As for the acting, this is not nearly as bad as the laughable performance in The Happening, but it’s kind of confusing how these talented actors didn’t make the writing from the script better to really not care for them in this situation following. Actors like Gael García Bernal and Vicky Krieps (Phantom Thread) as husband and wife Guy and Prisca Cappa give it all they can, and the best I can say is they tried as this married couple on this last trip together before separating. Besides the family, there’s also Rufus Sewell, Abbey Lee, Eliza Scanlen, and others doing what they can as well given material better than them all together, probably. I will say out of everybody in this, both Thomasin McKenzie and Alex Wolff gave the strongest performances as the teenage versions of Trent and Maddox Cappa when it was at the point where its believable knowing these are still kids in their minds, realizing they must be scared. And I’ll give this credit to the other actors portraying the characters younger and older.

It’s best to know this is more of a thriller than horror, and even this didn’t provide those captivating thrills I expected this to have.

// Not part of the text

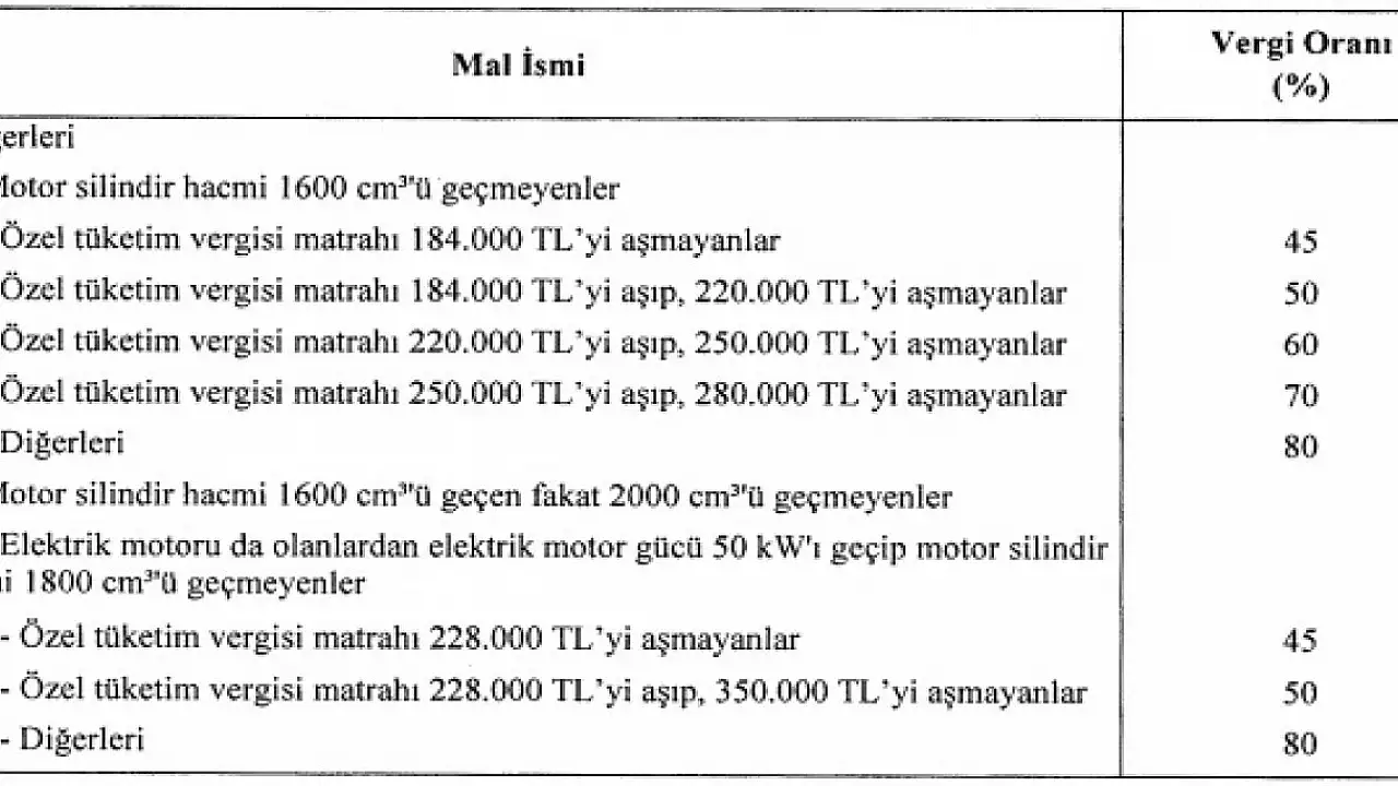 Kararla, motor silindir hacmi 1600 CC altındaki araçlarda matrah alt limiti 120 bin liradan 184 bin liraya yükseltildi. Matrah üst limiti ise 200 bin liradan 280 bin liraya çıkarıldı. Kararla elektrikli araçların ÖTV matrah limitleri de değişti. Buna göre, motor gücü 50 kilowaatı geçip, motor silindir hacmi 1800 CC'yi geçmeyen araçlarda matrah alt limiti 130 bin liradan 228 bin liraya yükseltildi. Matrah üst limiti ise 170 bin liradan 350 bine çıkarıldı.

The pace of its 108 minutes is well-done where it won’t bore you until the third act when it was hard knowing when it will conclude. Aside from one moment that got a jump scare out of me, the only thing that will leave you feeling is uneasy realizing every one of us will become old. It wasn’t hard for me to watch in an unsettling way when I couldn’t tell if it was supposed to affect me? If I were a parent, it would freak me out watching my own kid growing up in front of me after an hour or two. There’s definitely the theme of spending the time you have with your loved ones, never wasting a single moment in the present. That’s easy to see what it was going for, but it wasn’t enough to leave me fully engaged the entire time. I can see where most will find it unintentionally hilarious when it is meant to be taken seriously. I can’t lie when saying there were a couple moments that got me to chuckle from Len Leung’s performance as the nurse named Jarin when he’s saddled with the weakest dialogue out of everybody.

And since we all expect the writer/director to give us a twist ending (duh), for better or worse, this one didn’t click for me when it wasn’t what I come to expect despite not being predictable. For me, this was like missing the basket to beat the other basketball team from its star player, only to feel unrewarded when it’s over. It’s one you have to see for yourselves to see where the building of the mystery leads to. A part of me tried hard to enjoy Old and let me be open-minded about it in hoping it would explore the body horror more and have it get under my skin. Yet, it’s hard to not get over how clumsy and uneven everything it wants to be when there’s so much improvement to be found. Not the worst thing in the world, but you’re better off watching better movies from his filmography.

Final Thoughts: Old shows how ambitious M. Night Shyamalan can be with an exciting concept in his hands. But the execution cannot be a thrilling one thanks to its awkward direction, flat performances, and weak dialogue. Not his best or his worst, but won’t leave a lasting impression once it ends. Was the potential in the right place? Sure, and there’s a possibility it will have different responses from others out there.